[Opening Input data section]

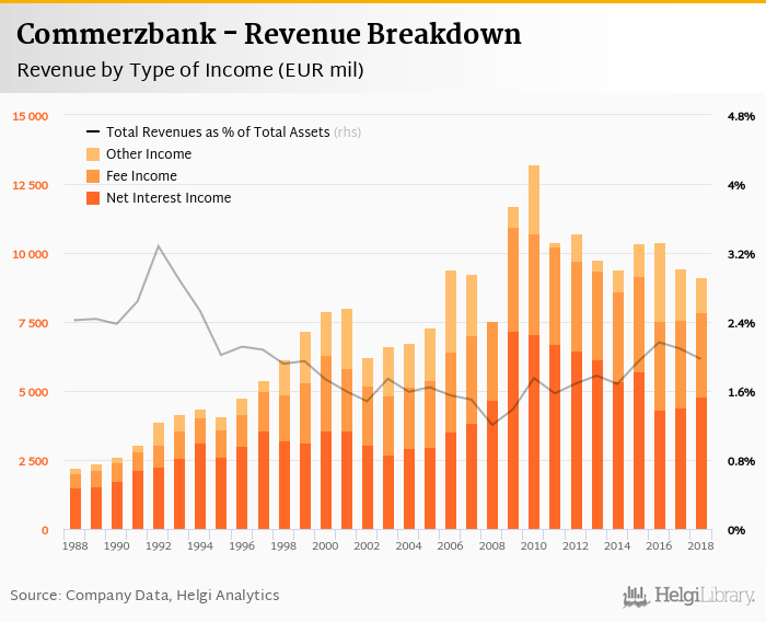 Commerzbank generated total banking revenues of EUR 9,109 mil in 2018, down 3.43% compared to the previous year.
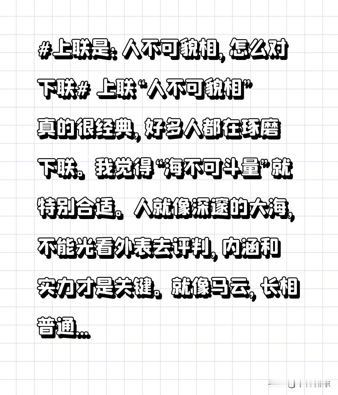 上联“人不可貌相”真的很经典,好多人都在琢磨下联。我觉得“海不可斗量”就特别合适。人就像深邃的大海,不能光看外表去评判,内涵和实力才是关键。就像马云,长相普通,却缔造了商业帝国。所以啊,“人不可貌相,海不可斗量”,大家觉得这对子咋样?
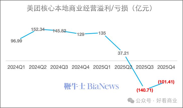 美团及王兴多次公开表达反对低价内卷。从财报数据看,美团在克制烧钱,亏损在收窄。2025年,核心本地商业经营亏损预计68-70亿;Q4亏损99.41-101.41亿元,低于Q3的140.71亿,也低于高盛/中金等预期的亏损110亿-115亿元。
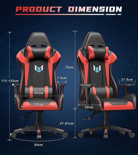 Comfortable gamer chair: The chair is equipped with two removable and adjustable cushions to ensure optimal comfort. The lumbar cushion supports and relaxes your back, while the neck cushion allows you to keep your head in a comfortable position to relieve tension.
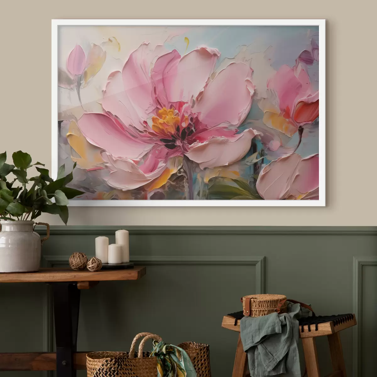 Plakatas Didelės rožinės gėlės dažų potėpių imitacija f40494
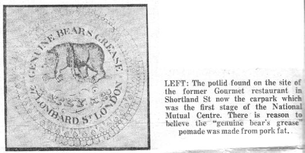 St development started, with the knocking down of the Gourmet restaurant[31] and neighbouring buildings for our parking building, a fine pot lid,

[Closing Input data section]
[Opening Input data section]

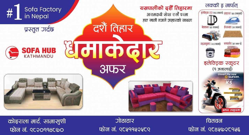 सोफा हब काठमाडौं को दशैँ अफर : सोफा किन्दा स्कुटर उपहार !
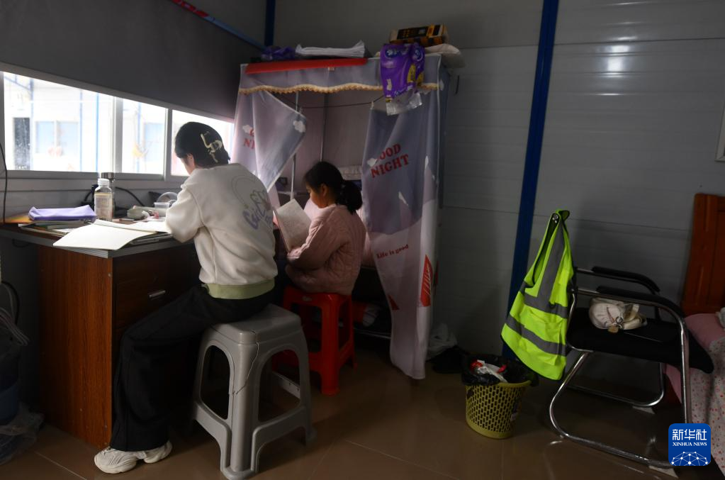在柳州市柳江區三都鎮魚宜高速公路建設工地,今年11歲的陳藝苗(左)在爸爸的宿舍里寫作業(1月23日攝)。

[Closing Input data section]

Extract the part of the records that opens with the line containing "सोफा हब काठमाडौं" and closes with the line containing "在柳州市柳江區三都鎮魚宜高速". Take only those lines, exactly, and no pictures.

 सोफा हब काठमाडौं को दशैँ अफर : सोफा किन्दा स्कुटर उपहार !
在柳州市柳江區三都鎮魚宜高速公路建設工地,今年11歲的陳藝苗(左)在爸爸的宿舍里寫作業(1月23日攝)。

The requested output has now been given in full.